I need the lines below from the one with "Milyonların merakla beklediği" down to the one with "This bingo card" reproduced exactly, both ends included, and nothing else.

§ **SUPPLIED INFORMATION**:

.....

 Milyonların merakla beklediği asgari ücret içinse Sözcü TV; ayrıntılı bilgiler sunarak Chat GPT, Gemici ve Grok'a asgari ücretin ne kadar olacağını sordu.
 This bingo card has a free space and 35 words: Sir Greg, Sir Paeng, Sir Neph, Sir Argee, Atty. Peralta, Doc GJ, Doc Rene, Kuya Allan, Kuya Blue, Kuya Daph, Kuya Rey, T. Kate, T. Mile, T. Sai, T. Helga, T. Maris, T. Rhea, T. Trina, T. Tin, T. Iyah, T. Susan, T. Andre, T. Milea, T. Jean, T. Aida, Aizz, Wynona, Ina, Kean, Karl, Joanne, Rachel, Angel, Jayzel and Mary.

.....

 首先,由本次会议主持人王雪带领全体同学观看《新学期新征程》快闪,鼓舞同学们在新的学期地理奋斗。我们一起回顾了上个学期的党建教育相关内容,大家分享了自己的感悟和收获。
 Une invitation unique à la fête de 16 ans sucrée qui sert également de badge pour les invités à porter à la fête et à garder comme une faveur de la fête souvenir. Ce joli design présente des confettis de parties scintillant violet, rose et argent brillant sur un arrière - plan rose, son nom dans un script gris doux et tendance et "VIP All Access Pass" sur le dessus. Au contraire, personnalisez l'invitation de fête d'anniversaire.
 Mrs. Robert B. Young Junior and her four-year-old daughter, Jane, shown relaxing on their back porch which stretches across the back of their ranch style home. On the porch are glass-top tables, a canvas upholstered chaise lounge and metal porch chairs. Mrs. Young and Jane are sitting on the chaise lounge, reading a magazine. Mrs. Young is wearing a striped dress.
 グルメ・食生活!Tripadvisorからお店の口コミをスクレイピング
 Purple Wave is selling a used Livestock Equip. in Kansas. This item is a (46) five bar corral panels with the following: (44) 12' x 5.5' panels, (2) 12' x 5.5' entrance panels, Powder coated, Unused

.....

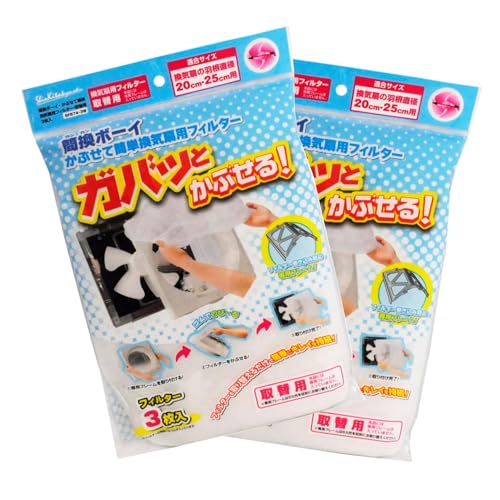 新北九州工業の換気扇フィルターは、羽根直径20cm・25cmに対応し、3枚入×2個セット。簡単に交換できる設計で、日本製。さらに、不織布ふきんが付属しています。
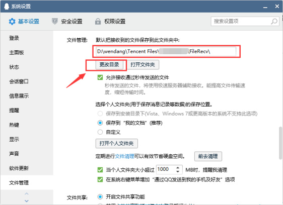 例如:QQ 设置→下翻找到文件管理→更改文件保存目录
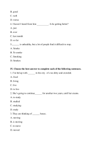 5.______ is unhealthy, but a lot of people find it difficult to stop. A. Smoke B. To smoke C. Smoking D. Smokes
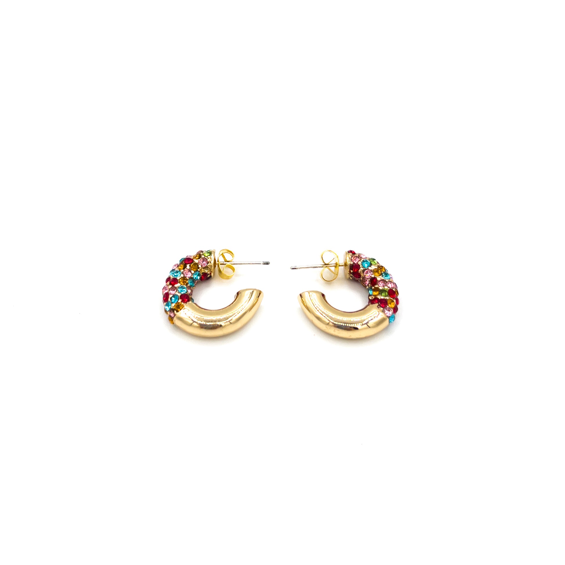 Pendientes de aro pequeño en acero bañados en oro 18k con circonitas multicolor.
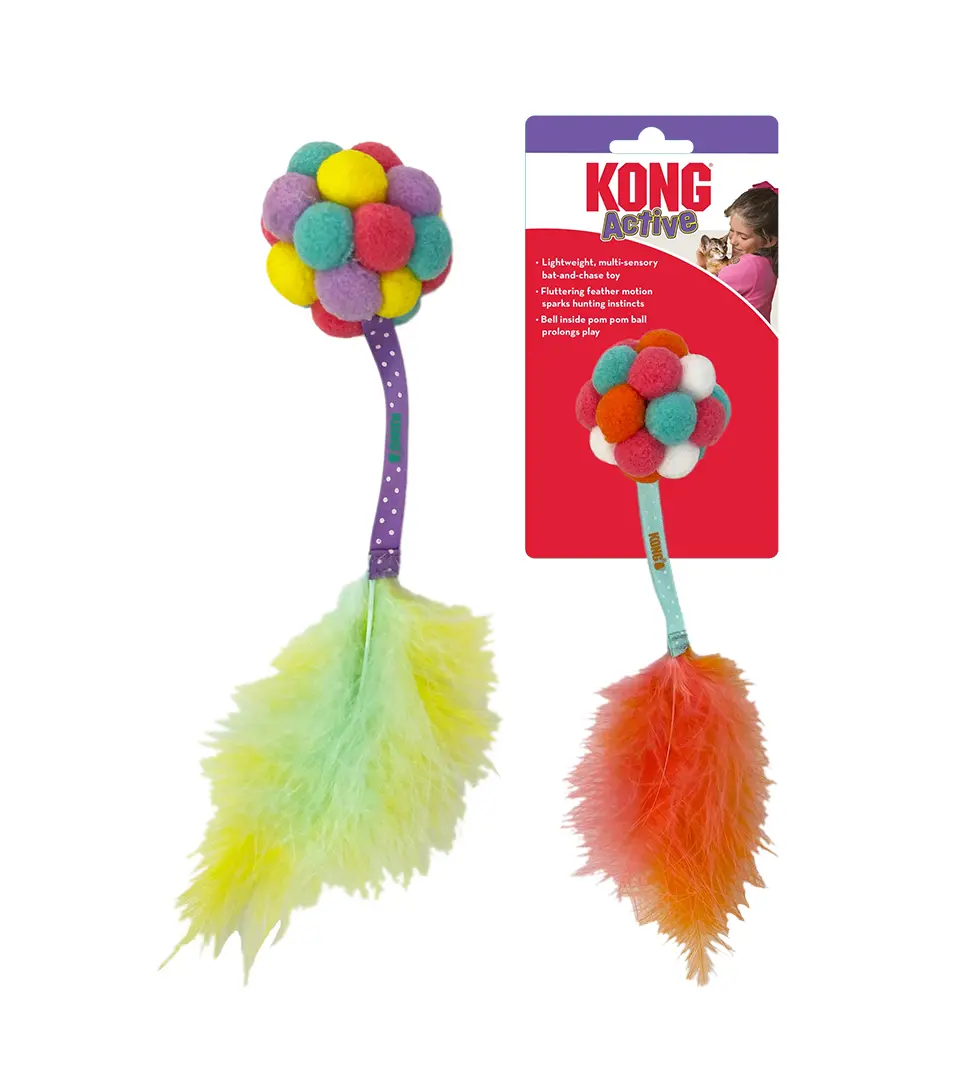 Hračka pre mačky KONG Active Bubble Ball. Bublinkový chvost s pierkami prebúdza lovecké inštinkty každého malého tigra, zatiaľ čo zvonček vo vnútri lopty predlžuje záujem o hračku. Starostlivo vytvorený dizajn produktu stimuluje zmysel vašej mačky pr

.....

§ **EXERCISE RESULT**:
 Milyonların merakla beklediği asgari ücret içinse Sözcü TV; ayrıntılı bilgiler sunarak Chat GPT, Gemici ve Grok'a asgari ücretin ne kadar olacağını sordu.
 This bingo card has a free space and 35 words: Sir Greg, Sir Paeng, Sir Neph, Sir Argee, Atty. Peralta, Doc GJ, Doc Rene, Kuya Allan, Kuya Blue, Kuya Daph, Kuya Rey, T. Kate, T. Mile, T. Sai, T. Helga, T. Maris, T. Rhea, T. Trina, T. Tin, T. Iyah, T. Susan, T. Andre, T. Milea, T. Jean, T. Aida, Aizz, Wynona, Ina, Kean, Karl, Joanne, Rachel, Angel, Jayzel and Mary.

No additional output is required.